● DATA IN THIS EXERCISE
***
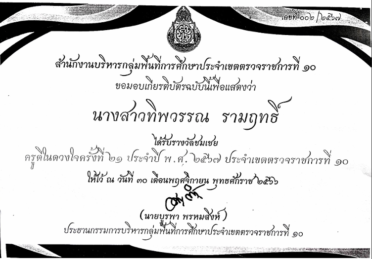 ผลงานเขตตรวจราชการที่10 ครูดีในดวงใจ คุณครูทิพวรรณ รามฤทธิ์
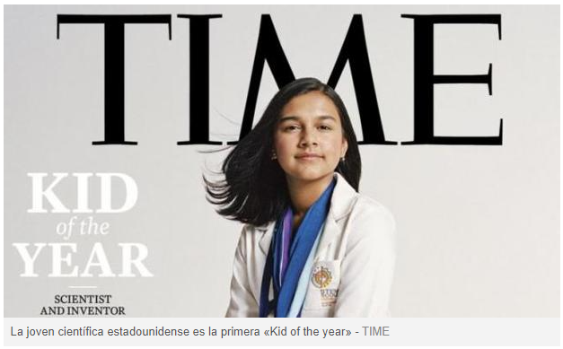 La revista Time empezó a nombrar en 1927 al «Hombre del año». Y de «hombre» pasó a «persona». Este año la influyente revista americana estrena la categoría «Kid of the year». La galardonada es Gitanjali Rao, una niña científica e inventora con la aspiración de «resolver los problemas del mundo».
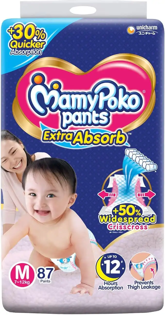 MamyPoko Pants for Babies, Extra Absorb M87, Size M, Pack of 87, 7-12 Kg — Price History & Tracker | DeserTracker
***
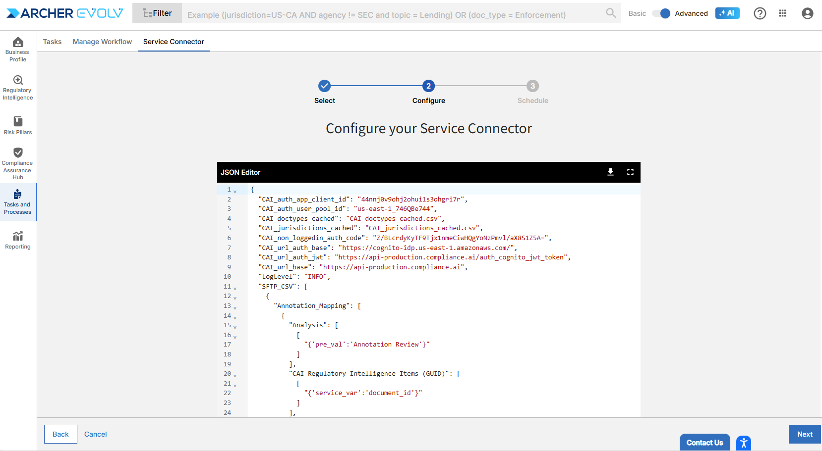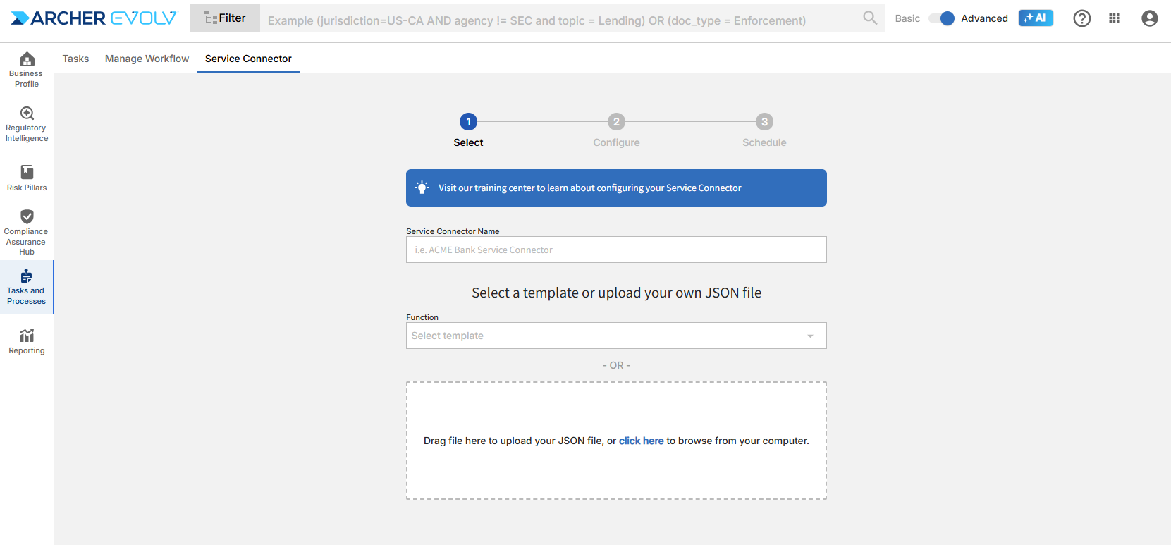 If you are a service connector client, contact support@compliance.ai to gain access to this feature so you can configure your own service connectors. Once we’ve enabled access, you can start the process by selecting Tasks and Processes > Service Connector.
***
● GOAL OF THE EXERCISE
Start at the line above containing "ผลงานเขตตรวจราชการที่10 ครูดีในดวงใจ คุณครูทิพวรรณ" and stop at the line containing "MamyPoko Pants for": print those lines and everything between them exactly, but not the pictures.

● RESPONSE TO THE TASK
 ผลงานเขตตรวจราชการที่10 ครูดีในดวงใจ คุณครูทิพวรรณ รามฤทธิ์
 La revista Time empezó a nombrar en 1927 al «Hombre del año». Y de «hombre» pasó a «persona». Este año la influyente revista americana estrena la categoría «Kid of the year». La galardonada es Gitanjali Rao, una niña científica e inventora con la aspiración de «resolver los problemas del mundo».
 MamyPoko Pants for Babies, Extra Absorb M87, Size M, Pack of 87, 7-12 Kg — Price History & Tracker | DeserTracker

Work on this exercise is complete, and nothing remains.